We built OncoPhrase with that goal in mind. It combines structured graph data, research literature, and clinical trial information into a single semantic search layer, and then uses an LLM only to summarize retrieved evidence. The result is a tool that can serve a wide range of users — from individuals curious about cancer biology, to patients and families trying to educate themselves, to researchers looking to quickly explore associations between genes, diseases, and treatments.
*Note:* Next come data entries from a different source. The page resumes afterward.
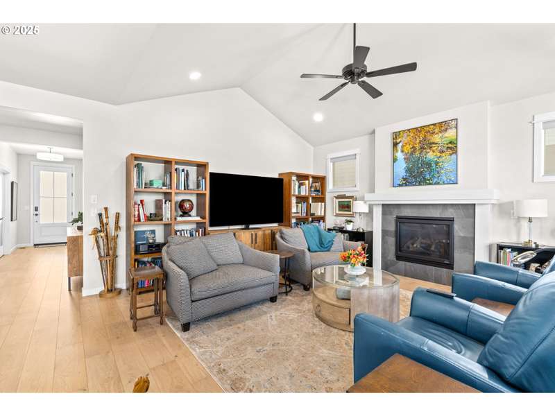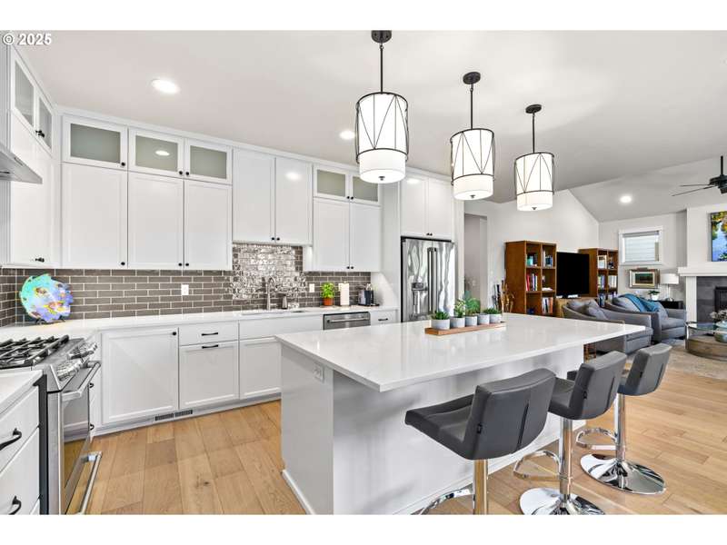 Tucked in the heart of North Gilham, this home brings together quality craftsmanship, modern comfort, and a location you’ll love coming home to. This one-level home welcomes you with vaulted ceilings and light pouring in through large windows, creating a bright and airy atmosphere from the moment you step inside. At the center of the home is a stylish kitchen with sleek quartz countertops, modern cabinetry, and a seamless flow into the dining eat area and great room—anchored by a cozy gas fireplace. With four well-sized bedrooms and thoughtful details throughout, the layout offers both function and warmth. The primary bedroom with an oversized shower and walk-in closet. The 4th bedroom with french doors could also be an office or craft room. Out back, a well-cared-for, low-maintenance backyard offers the perfect space for morning coffee, evening unwinds, or relaxed weekend gatherings, lending itself perfectly to outdoor living and dining with a Provençal-style garden and water features. From the house, enjoy unobstructed views of the Coburg Hills. This home is the perfect blend of charm, comfort, and convenience.
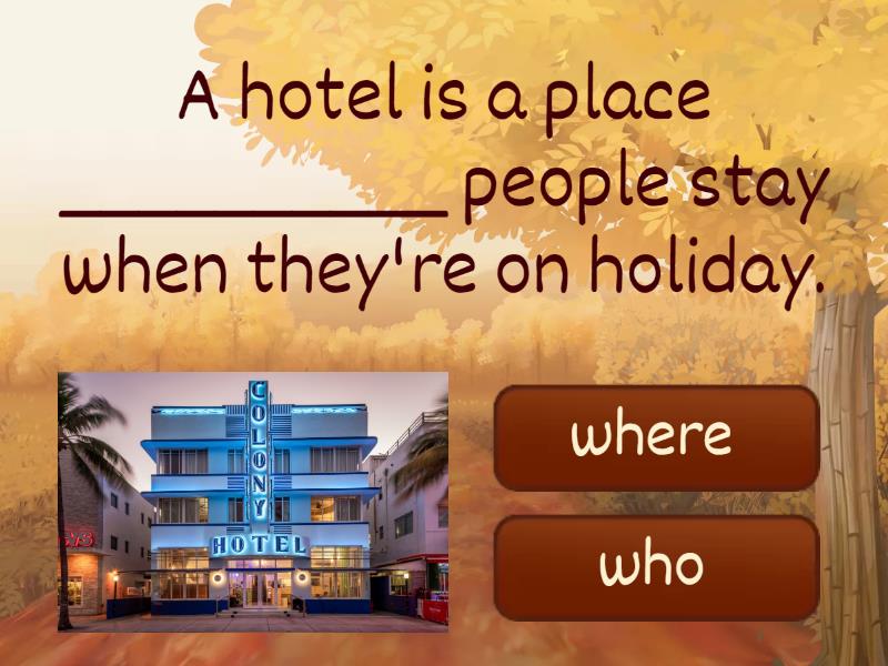 1) A hotel is a place __________ people stay when they're on holiday. a) where b) who 2) What's the name of the woman __________ lives in that house? a) who b) where 3) What is the name of a girl __________ is sitting next to Ruvim? a) where b) who 4) A dentist is a person __________ helps people with teeth. a) who b) where 5) Is that the shop __________ you buy books? a) who b) where 6) He's the man __________ plays football with my dad. a) who b) where 7) This is a room, _________ I usually do my homework. a) who b) where 8) Look! That is a teacher, _________ can play a guitar. a) who b) where 9) I like the lessons, _________ we play games a) where b) who
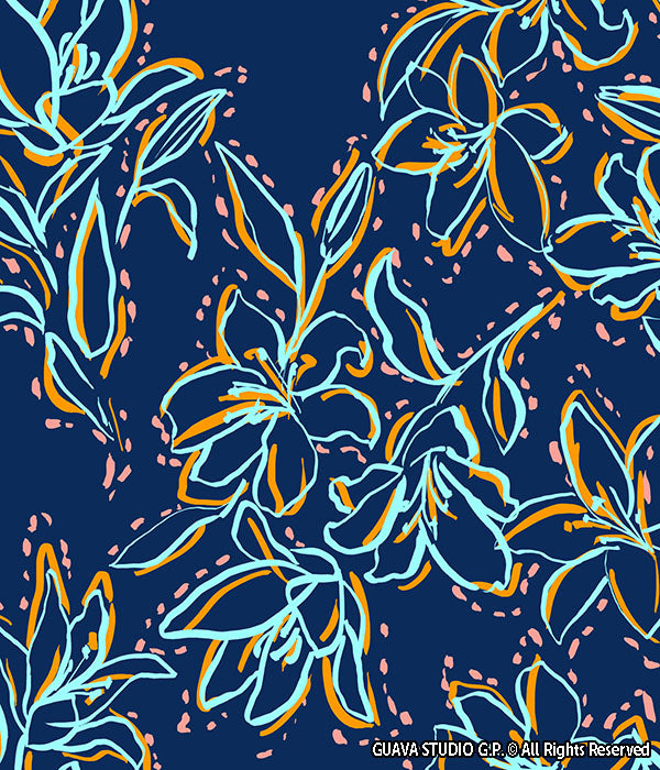 0733B- Outlined Navy and Teal Lillies
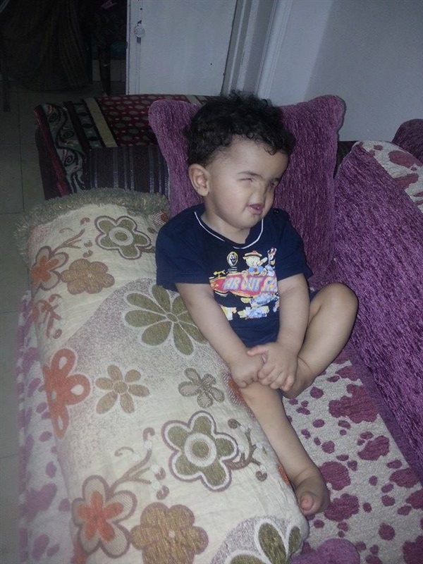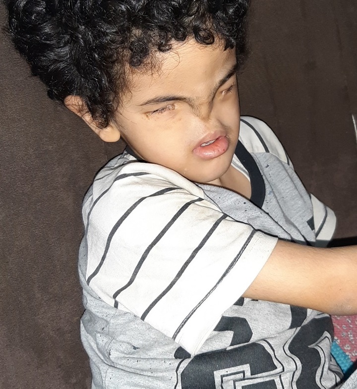 وتواصل: "ابني يعاني من حالة صحية نادرة، لأنه ولد دون أنف وعين
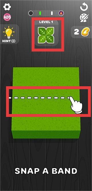 1、游戏开始时,依照提示【SNAPABAND】,按照虚线位置操作,完成关卡任务,注意关卡等级标识【LEVEL1】。
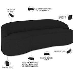 Sofá 4 Lugares Curvo Sala de Estar Living Lótus D02 Linho Chumbo 260 cm D-465 - Lyam Decor - Grafite
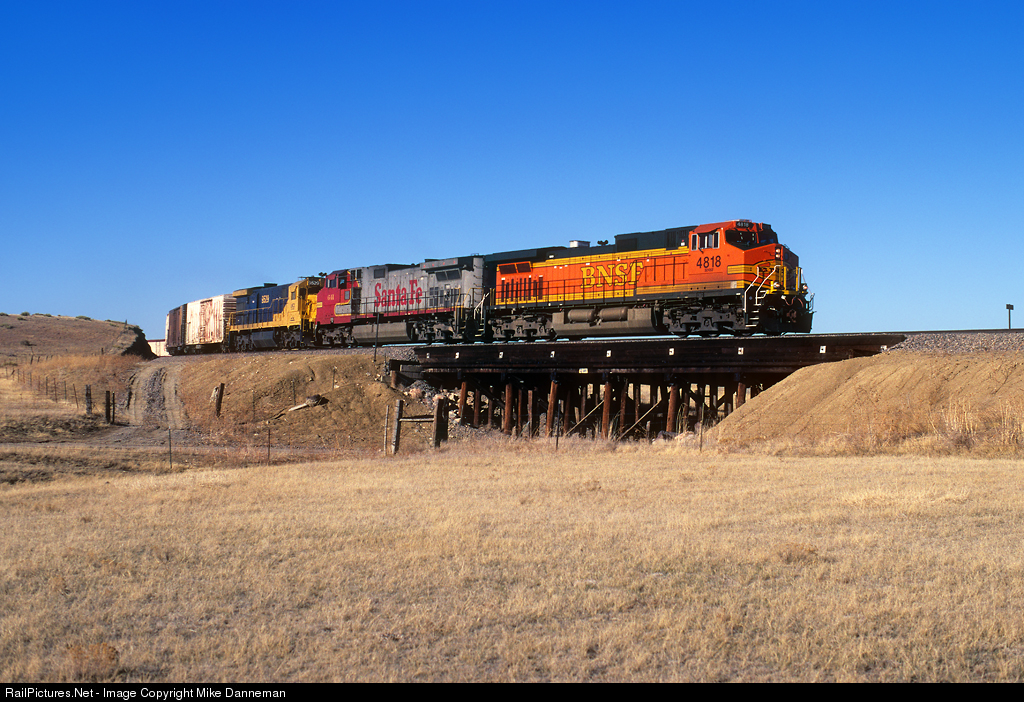 A colorful Burlington Northern Santa Fe freight heads south over a wood trestle approaching the town of Trinchera, Colorado, on February 27, 1999. The railroad siding located just east of town is spelled “Trinchere” on this line the runs from Trinidad, Colorado, to Amarillo, Texas.
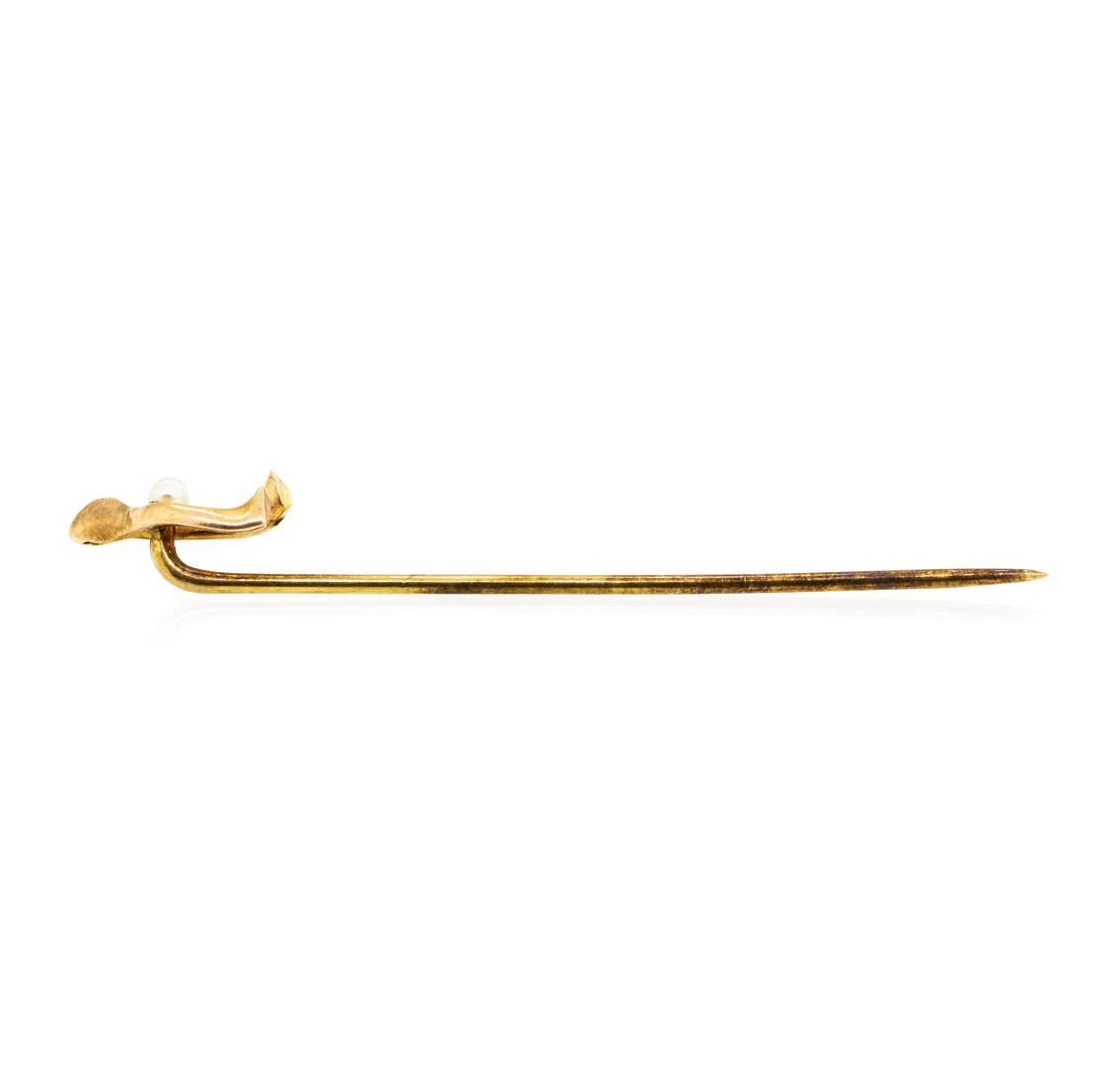 One wishbone stick pin featuring: 10KT yellow gold weighing 0.9 grams containing one seed pearl.
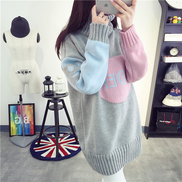 中長款卡通毛衣女套頭高領(lǐng)冬季新款韓版學(xué)生寬松外套潮批發(fā) /
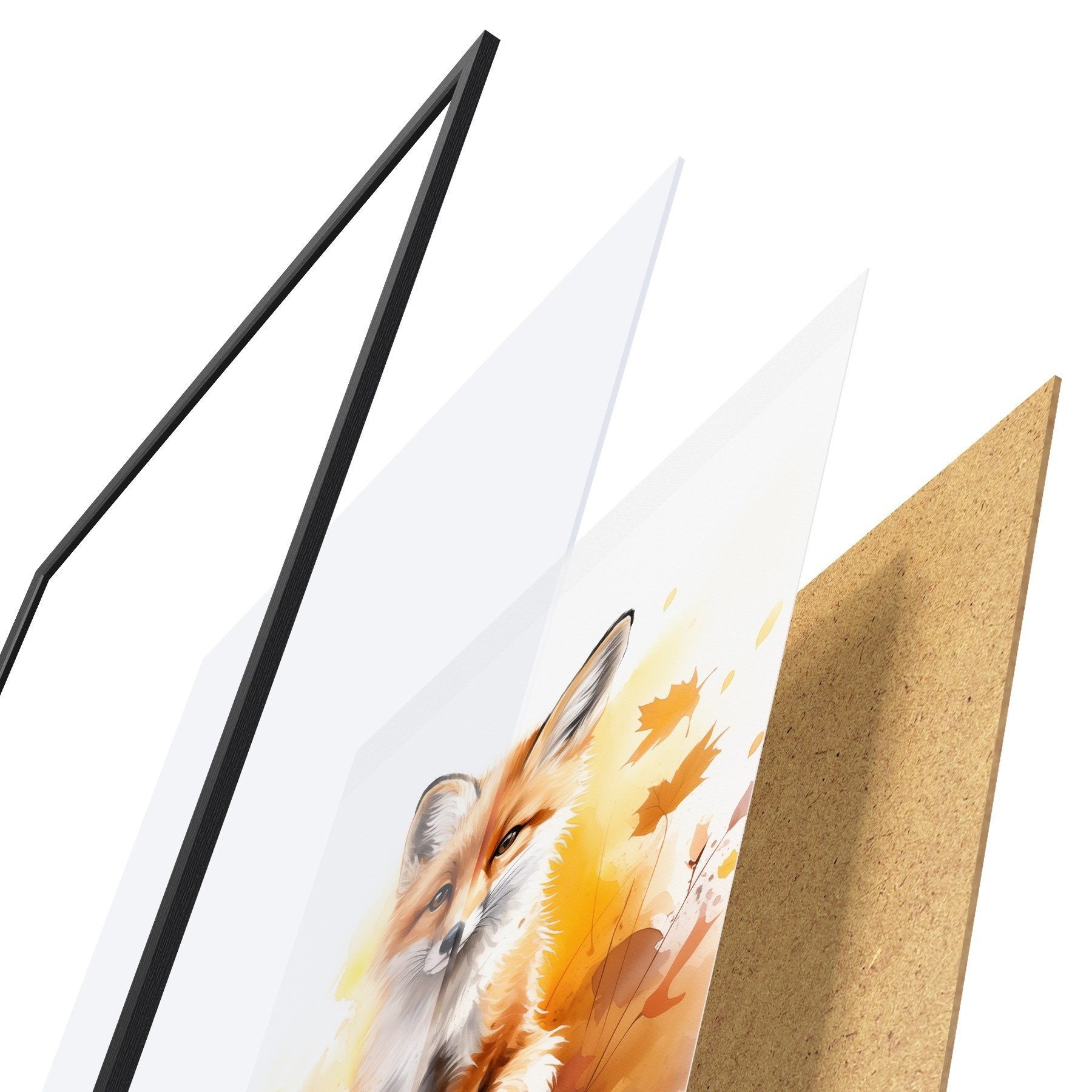 Постер складається з рами, оргскла, надрукованого зображення та підкладки з ДСП. Завдяки кріпленням на звороті плакат можна одразу ж повісити на стіну.
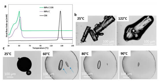 The DSC data are showed in Figure 8a. The melting of the drug occurred at 122–124 °C. Similar to the other APIs, the drug melting endotherm was absent in the curve of CIN-loaded MPs C. As observed for TBM, in the case of CIN as well, the endothermic peak of Gelucire in the drug-loaded MPs was shifted to slightly lower temperatures (50 °C) compared to the pure carrier (52 °C), suggesting a certain degree of API solubility in the molten carrier. As shown in Figure 8b, CIN original crystals are regular column-shaped crystals, which melted at 122 °C in agreement with the endothermic event observed by DSC. The HSM analysis of MPs (Figure 8c), showed that crystals of CIN can be observed upon carrier melting (arrows in Figure 8c). Specifically, the crystals had similar morphology to the original one, but with smoother rounded borders. The API progressively solubilized in the carrier with the increasing of the temperature, and the solubilization was complete within 100 °C. Again, this observation explained the lack of drug endothermic peak in the DSC and confirmed the property of molten Gelucire in solubilizing the API crystals in a temperature-dependent manner.
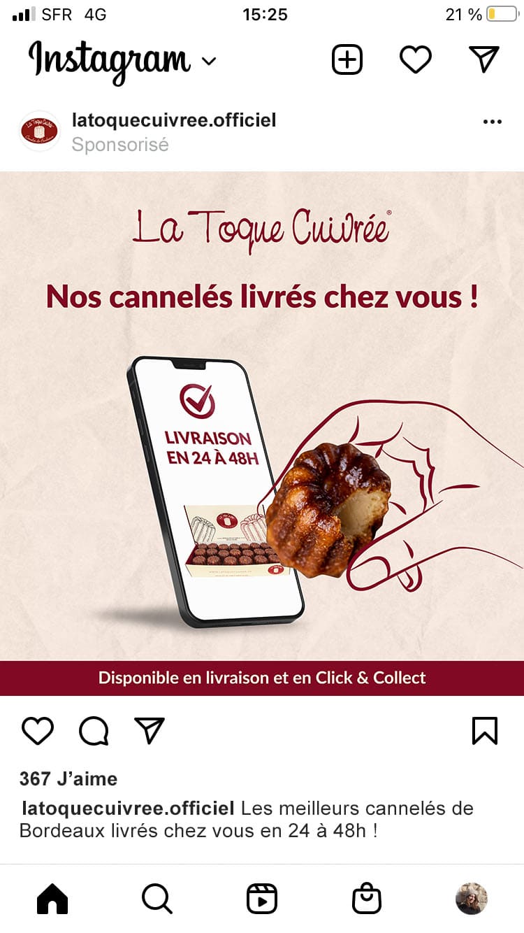 Création de visuels pour une campagne sponsorisée sur Instagram, mêlant photographie et illustration afin de capter l’attention et de refléter l’univers gourmand de la marque.
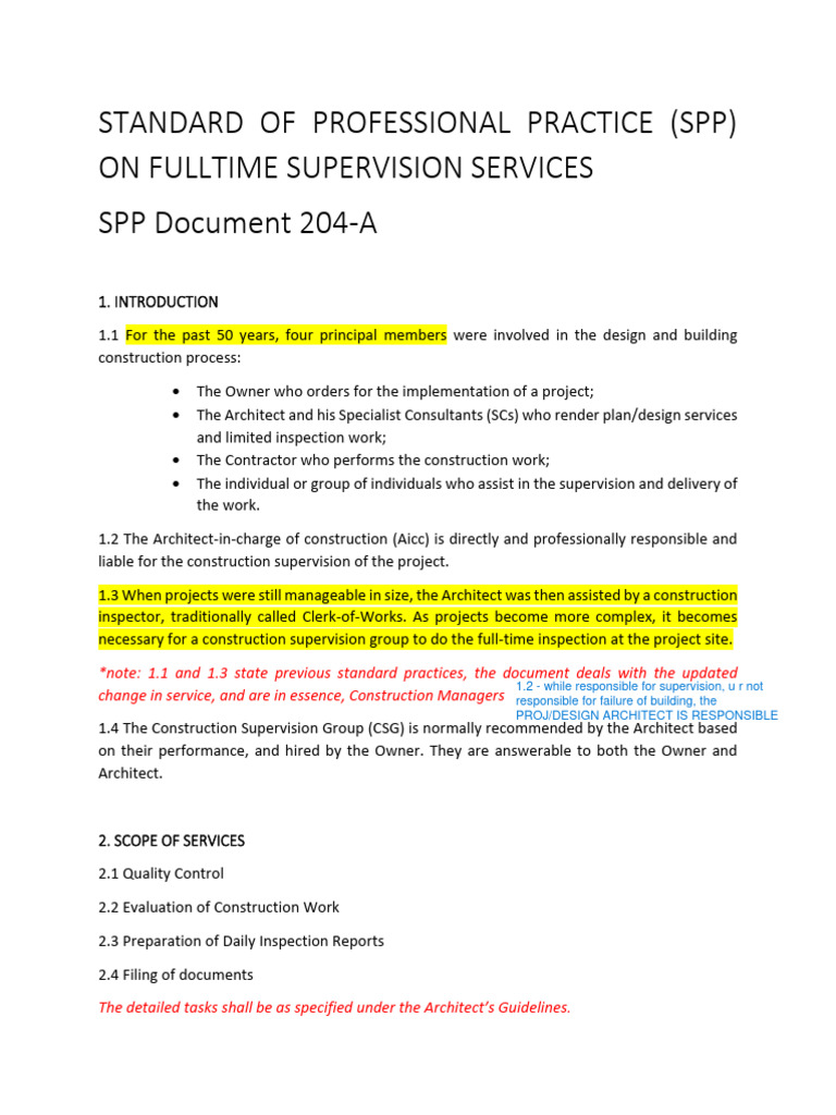 supervisory work to perform the works as enumerated in the Architect’s Guidelines.

That motivation is what led us to build OncoPhrase.

What it does

OncoPhrase is a domain-grounded semantic discovery engine for oncology. It allows users to ask natural-language questions about cancer-related genes, diseases, drugs, and clinical trials, and retrieves relevant information based on meaning rather than exact keyword matches.

Users can ask questions such as:

  • “genes associated with lung cancer”
  • “drugs used in EGFR-mutated tumors”
  • “clinical trials related to BRCA1”
  • “mechanisms of resistance in melanoma”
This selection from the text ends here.